The Kealoha case. TMT. Gift of a lighted tree. Appointees to the Hawaii Community Development Authority. Zoo sponsorships. Bike rentals. Antennas on city streetlight poles.

What do these seemingly unrelated issues have in common?

They were all “sunshined” on to Honolulu City Council meeting agendas, so that council members could discuss them without giving proper notice to the public.

Contrary to this usage by the council, the Sunshine Law is meant to bring transparency or open government to the public.

Hawaii Revised Statutes Sec. 92-7(a) requires all items to be considered by the council and other boards to be listed on an agenda. The agenda is required to be posted no later than six calendar days prior to the meeting.

An exception to the law is allowed under HRS Sec. 92-7(d). It states items may be added to agendas less than six days prior to meetings “provided that no item shall be added to the agenda if it is of reasonably major importance and action thereon by the board will affect a significant number of persons.”

The Office of Information Practices reaffirmed this on page 4 of OIP Opinion F16-02 when it stated “a board does have the limited ability to add minor items to its agenda at a meeting.” Note the word “limited.”

Honolulu City Council members listen to public testimony on Bill 85 89.
Honolulu City Council members listen to public testimony on bills in June. Sometimes items are added late to the agenda, a disservice to the public. Cory Lum/Civil Beat

During the past two years, the council has added 13 items to its agendas that based on my understanding violate the Sunshine Law. These items are listed in the table below.

In November 2017, I filed a complaint with the OIP, and the council responded within a few weeks. (Here is a copy of the complaint and response.)

Their response stated they did not violate the Sunshine Law, but they did not cite any OIP decisions to support their positions. Their response also included statements such as “(Resolution 17-310) was not of major importance and does not affect anyone.”

Resolution 17-310, which was introduced Oct. 31, 2017, and “Sunshined” Nov. 1, 2017, urged city administration to implement sponsorship programs for the Honolulu Zoo and other city facilities. Earlier in 2017 the council passed Bill 78 (2015) regarding sponsorships. It was a highly controversial bill and many testifiers opposed it over a period of almost a year-and-a-half. This clearly was not a “minor item.”

Oahu Taxpayers Impacted

In January 2018 I filed an appeal with OIP. The OIP has a significant backlog, however, and I was told resolution to this issue could take two years or more.
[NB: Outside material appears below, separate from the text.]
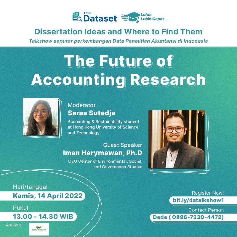 Mengangkat judul, "The Future of Accounting Research", talkshow by ESGI Dataset kali ini akan diisi oleh pak Iman Harymawan, Ph.D selaku CEO CESGS dan dipandu oleh Saras Sutedja, alumni Community Officer yang juga seorang mahasiswa Accounting & Sustainability student di Hong Kong University of Science & Technology

It’s worth noting that three of the items, M-7270 (regarding the permit for ProsPac Tower), Resolution 18-270 (regarding the action plan for CDGB, HOME and other grants) and Resolution 18-273 (regarding AT&T antennas on streetlight poles) were either cancelled or deferred in committee, so anyone monitoring these issues would not even be thinking about council follow-up discussions in the next full council meeting.

It’s also worth noting that there was media coverage of the “sunshining” of Bill 56 regarding bike rentals. Shortly thereafter Bill 57 was introduced to replace it.

Since 2017 I have updated OIP on some of the other measures that have been “sunshined,” testified in opposition to several items that I was able to catch in time and asked all council members not to “sunshine” items that are of “reasonably major importance” until my appeal is resolved.

The practice continues, however.

The agenda is required to be posted no later than six calendar days prior to the meeting.

The most recent item to be “sunshined” was a discussion about taxpayer funding of attorney fees in the Kealoha case. Clearly that is not a minor issue and impacts all Oahu taxpayers.

When the council “sunshines” items onto agendas, the public is essentially cut out of the process. There is an option at this point is to file a lawsuit prior to Jan. 23, 2020, but members of the public shouldn’t have to resort to lawsuits in order to hold government officials accountable.

I therefore call on the media, groups who support open government and residents who care about these issues to contact council members and ask them to discontinue the practice of “sunshining” items onto their agendas.

I also ask that our state legislators provide more funding to our good-governance agencies such as the OIP, so they may clear their backlogs and operate in a more efficient manner.